…Рюрик криво усмехнулся и спросил, вглядываясь в лицо старика:
– Прознал я, любимец богов, что и луны еще не минуло, как сей Вадим вызвал тебя в гости.
– Не вызвал, попросил. Гонцы передали, что разговор важный. Вот я и пришел, так же как прежде приходил к тебе и к другим, когда им надобно, – проскрипел волхв.
– А говорил ли он с тобою, как бы лучше род мой извести? – спросил Рюрик злее.
– Была и о том его речь, княже. Но, как мог, я пытался отговорить неразумного Вадима. Он не послушал доброго совета.
Лицо Рюрика побелело, пальцы впились в подлокотники, а голос зазвучал страшным, звериным рычанием:
– И так не послушал, что две жены мои, дети малые уже будут вскоре беседовать с предками в светлом Ирии? А два брата родных на черте жизни и смерти… Если бы ты поведал о его намерении… Ты видел, сколько пролилось крови и сколько слез?
– Я скорблю о павших не меньше. Семьи оплакивают… то несомненно, но каждая – своих. А мне они все как дети. Если же ты, князь, знаешь достоверно, что родичи твои пребудут в ирийском саду у божьего терема, – утешь душу.
– А не боишься ли ты, старик, гнева моего? Да если бы я убил Вадима сотню раз, то и это бы не излечило мне сердца!

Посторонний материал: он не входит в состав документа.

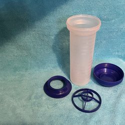 Vit praktisk Tupperware spagettibehållare med blå lock i båda ändarna. Doseringsmått i ena ändan

– Я не страшусь княжьей кары, ибо на все воля богов, – спокойно ответил волхв. – Это они рассудили, кому продолжить дело Гостомыслово. Вадим усомнился в мудрости Велесовой, и где теперь тот Вадим, где ближние его…

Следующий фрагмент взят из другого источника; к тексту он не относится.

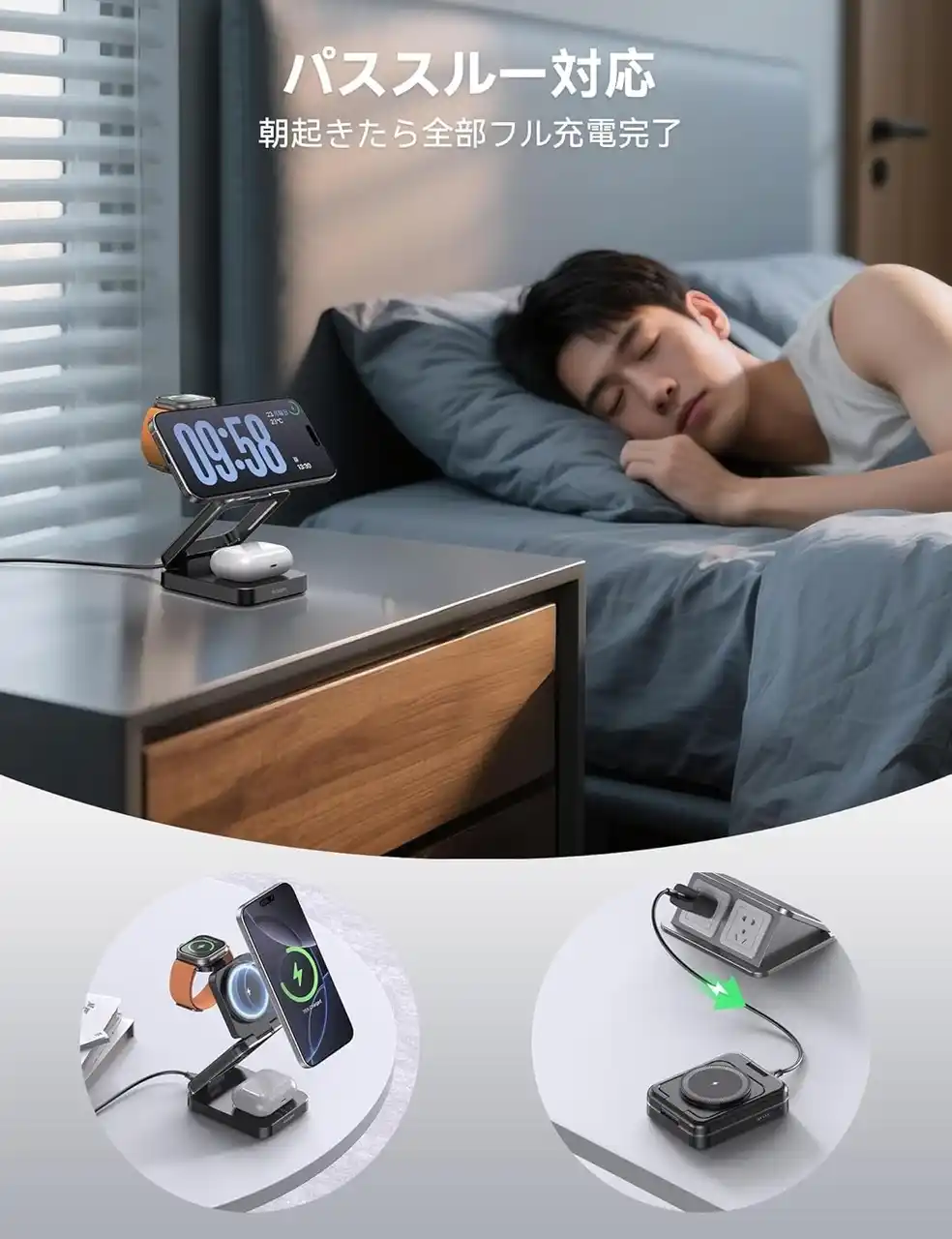 4. パススルー機能対応で“夜間充電→朝満タン”を実現 D17はパススルー充電対応。夜間、充電器本体を充電しながら3台のデバイスにも同時給電でき、朝起きたときにはすべてが満充電という快適な日常をサポートします。 |

Олег, доселе стоявший бессловесно, выступил из полумрака, точно призрак:
– Ты спрашиваешь, где они? Или ты размышляешь о судьбах человеческих? Так слушай же, что вот этими руками я охотно бы придушил и склочницу Рогану, и всех Вадимовых жен и отпрысков. Но они опередили меня, избавили от угрызений совести, едва пришла весть о неудаче мятежников.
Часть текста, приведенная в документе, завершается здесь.